Set out exactly, line by line, the stretch of data below that begins at the line containing "根据《国务院关于取消一批行政" and ends at the line containing "Sealey - AP6115BECOMBO2", with both ends kept.

→ Exercise inputs:
========================
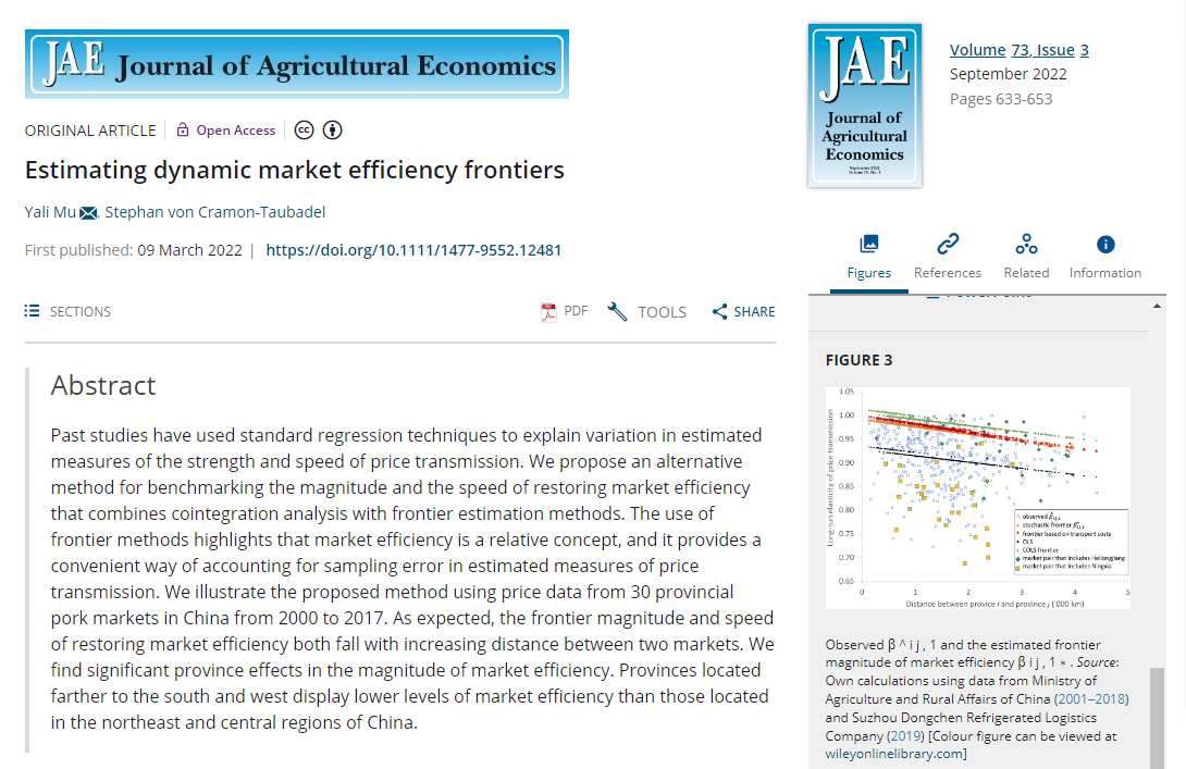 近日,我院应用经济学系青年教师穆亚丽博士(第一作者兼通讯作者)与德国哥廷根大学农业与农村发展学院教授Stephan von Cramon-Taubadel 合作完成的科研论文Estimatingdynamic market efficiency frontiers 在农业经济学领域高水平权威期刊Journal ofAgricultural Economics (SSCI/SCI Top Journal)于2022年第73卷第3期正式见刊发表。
========================
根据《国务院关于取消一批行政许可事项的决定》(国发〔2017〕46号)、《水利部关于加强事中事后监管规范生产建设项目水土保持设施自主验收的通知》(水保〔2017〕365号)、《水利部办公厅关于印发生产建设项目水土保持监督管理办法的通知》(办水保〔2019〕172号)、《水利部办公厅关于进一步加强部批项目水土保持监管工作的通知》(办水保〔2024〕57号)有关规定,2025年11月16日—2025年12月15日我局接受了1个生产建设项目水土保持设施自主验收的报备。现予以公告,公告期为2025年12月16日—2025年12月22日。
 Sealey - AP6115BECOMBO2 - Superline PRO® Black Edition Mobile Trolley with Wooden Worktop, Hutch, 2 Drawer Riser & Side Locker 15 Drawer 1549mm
========================
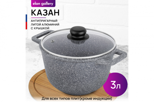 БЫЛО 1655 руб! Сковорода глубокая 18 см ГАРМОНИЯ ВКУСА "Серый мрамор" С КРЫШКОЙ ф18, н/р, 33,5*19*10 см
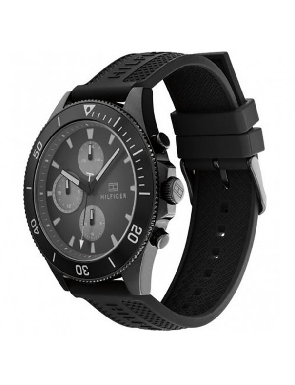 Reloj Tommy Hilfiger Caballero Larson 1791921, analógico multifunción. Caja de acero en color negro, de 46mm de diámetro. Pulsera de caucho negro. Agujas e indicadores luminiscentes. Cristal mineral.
========================
→ Task result:
根据《国务院关于取消一批行政许可事项的决定》(国发〔2017〕46号)、《水利部关于加强事中事后监管规范生产建设项目水土保持设施自主验收的通知》(水保〔2017〕365号)、《水利部办公厅关于印发生产建设项目水土保持监督管理办法的通知》(办水保〔2019〕172号)、《水利部办公厅关于进一步加强部批项目水土保持监管工作的通知》(办水保〔2024〕57号)有关规定,2025年11月16日—2025年12月15日我局接受了1个生产建设项目水土保持设施自主验收的报备。现予以公告,公告期为2025年12月16日—2025年12月22日。
 Sealey - AP6115BECOMBO2 - Superline PRO® Black Edition Mobile Trolley with Wooden Worktop, Hutch, 2 Drawer Riser & Side Locker 15 Drawer 1549mm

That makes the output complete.